Click Here To Purchase Rock & Roll Homicide

There is a lot of interesting and entertaining fiction out there that needs to be discovered.  This novel is representative: it is a good, light summer read.  You won’t find the solution to the nation’s healthcare or immigration problems, but you can sit down with your drink, relax, and have an entertaining, imaginative ride in the Southern California sun.

McDonnell uses the USA Network’s definition of character, not the literary one.  His main character, Jason Duffy, is a young and inexperienced PI (sound like Psychic?), the son of an Irish cop in San Diego (not Boston, New York, Philly, or Chicago?).  There are enough dyed-in-the-wool Irish cops on the SD force to call them the Irish Mafia, along with a Polish cop, who begrudgingly helps our young PI in spite of not being a member of the Irish Mafia.
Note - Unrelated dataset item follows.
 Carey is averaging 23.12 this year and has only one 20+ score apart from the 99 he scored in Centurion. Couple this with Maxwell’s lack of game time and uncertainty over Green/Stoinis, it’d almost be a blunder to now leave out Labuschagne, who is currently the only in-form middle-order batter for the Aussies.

That’s just the start of a long list of USA Network-like “characters.”  Duffy employs a cameraman with Tourette’s syndrome and an obsessive-compulsive secretary (a nod to Monk?).  A stereotypical mix of Russians is also in the cast.  They are so paranoid about protecting themselves that we can’t tell who’s really in the Russian Mafia (again: San Diego?).

 The San Diego I know is not McDonnell’s San Diego, but it definitely could be a haven for local rock stars (isn’t every city?).  Meet the rock group Doberman’s Stub: Terry Tucker, leader, guitarist and vocalist; Nigel Choate, lead guitarist; Jack Pascal, bass player; and Ian Davis, drummer.  The first one is the homicide victim.  Your job is to figure out who’s the real killer among Nigel, Jack, Ian, Terry’s wife, Chelsea, who hires Duffy, and many other suspects.
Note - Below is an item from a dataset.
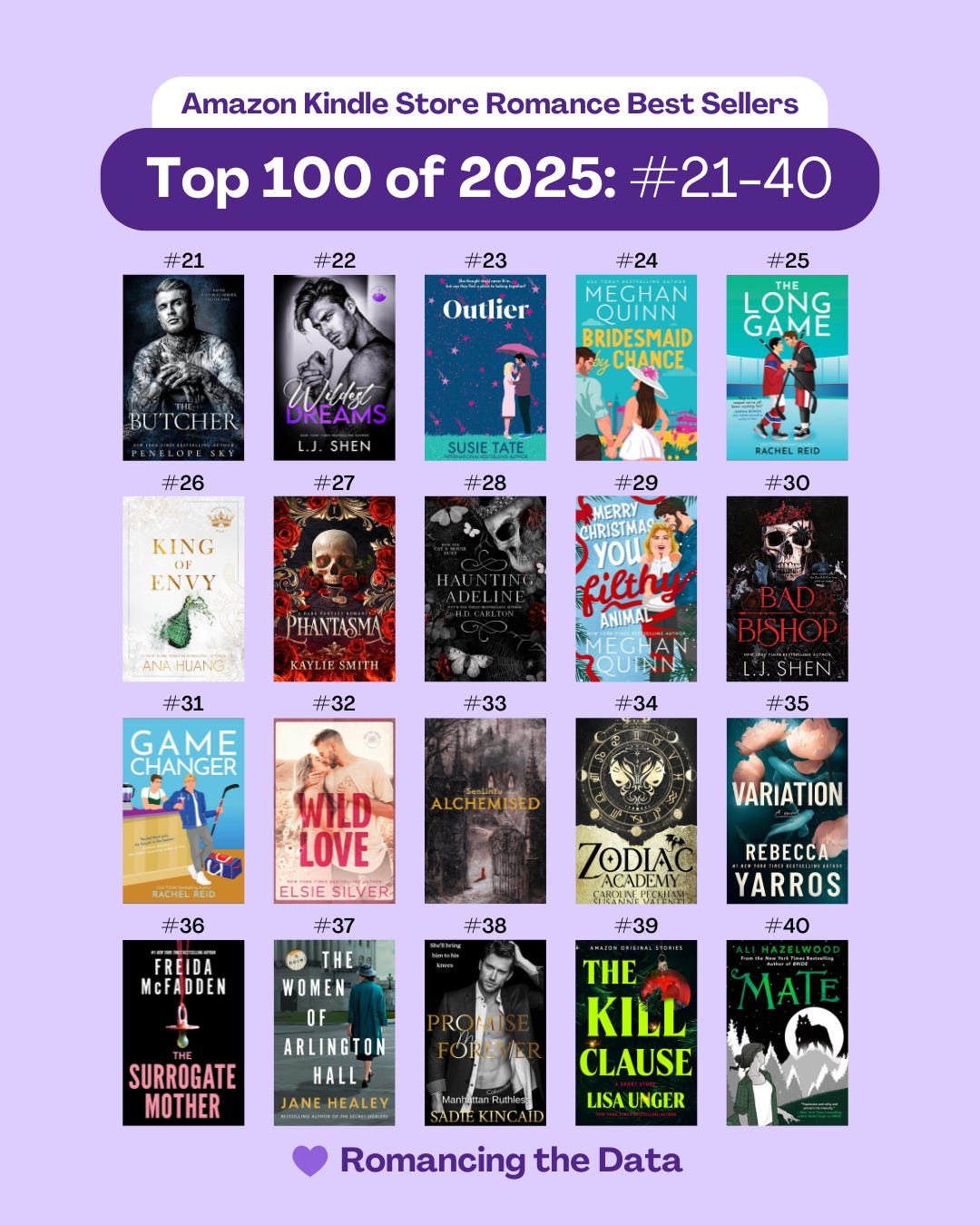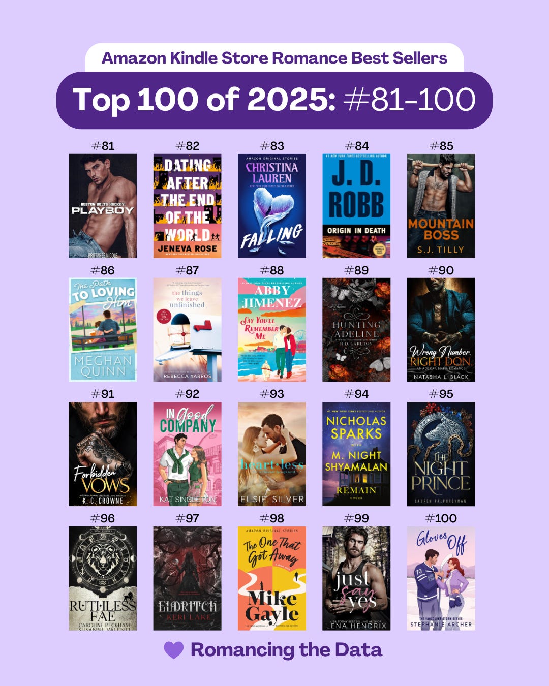 Methodology: This 2025 ranking is based on 52 Kindle Store Top 100 Best Sellers in Romance (Paid) lists pulled weekly throughout the year, which I’ve then compiled and ranked using a sum of ranks calculation.

The story moves along; I didn’t have a boring moment.  Told in the first person, we are young Duffy, following the clues as they come along and as he makes things happen or they happen to him.  There is a subplot here about Duffy’s relationship with his father and his desire to get past the Irish Mafia.  He’s also a wannabe rocker that can’t write a song.
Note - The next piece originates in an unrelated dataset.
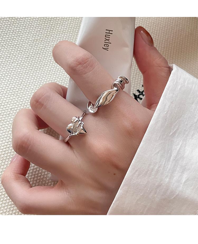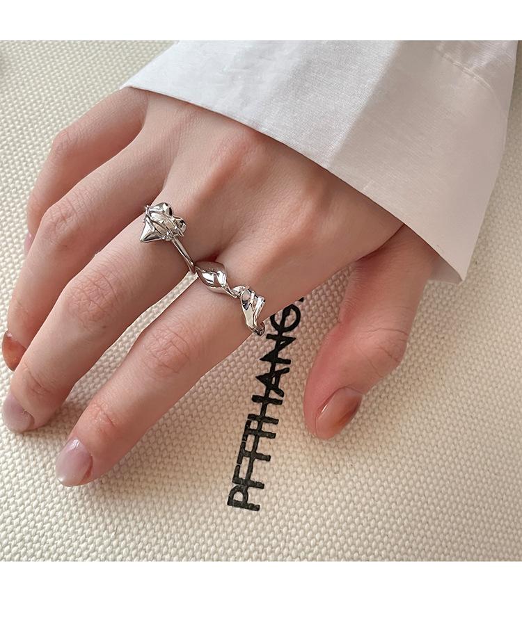 Anillo Irregular Torcido para Mujer, Diseño Nicho, Lujo Ligero, Anillo Abierto de Corazón Dulce, Tendencia de Anillo Apilable para Dedo Índice de Celebridad de Internet

McDonnell seems to have taken liberties with the historical record in his linking of Nigel’s hooligan friends to the Order of Orange.  The whole Irish Protestant versus Irish Catholic sub-theme is too much of a stretch for me, especially in San Diego!  It’s heavy stuff for a book that otherwise is fun to read.  And it seems one-sided. 

I had no sympathies for either side during the Troubles—there were too many innocent victims of fanatics from both sides.  Of course, the British continued their inept colonial careers of creating chaos, especially with the Special Powers Act.  While this favored the Protestant marchers in Portadown, allowing them to parade to Drumcree Church through the nationalist area, this poke at Irish Catholics’ sensibilities was largely a 1990’s phenomenon—the march has since been banned.  I suppose it’s possible that the Portadown picture Duffy sees on Nigel’s office wall is fifteen years old or so and not as recent as I assumed.  If so, Nigel is either a lot older than I thought or he was marching at a very young age.

The Greenmen and the Orangemen may not drink Jameson’s together yet, but I believe things have quieted down enough that industry started moving back into Northern Ireland.  Protestants and Catholics alike were able to get in on the tail end of the Celtic Tiger’s economic boom, which, like the rest of Europe, has been dealt a blow by the current recession. Ireland’s current economic woes may start up the violence again—let’s hope not.  Again, heavy stuff.

R. J. McDonnell’s enjoyable style is somewhere between Carl Hiassen’s in Basket Case and Michael Connelly’s in Chasing the DimeRock & Roll Homicide is not as light as the first, while having a similar story line, and not as heavy as the second.  Rock & Roll Homicide is both interesting and entertaining.  Enjoy.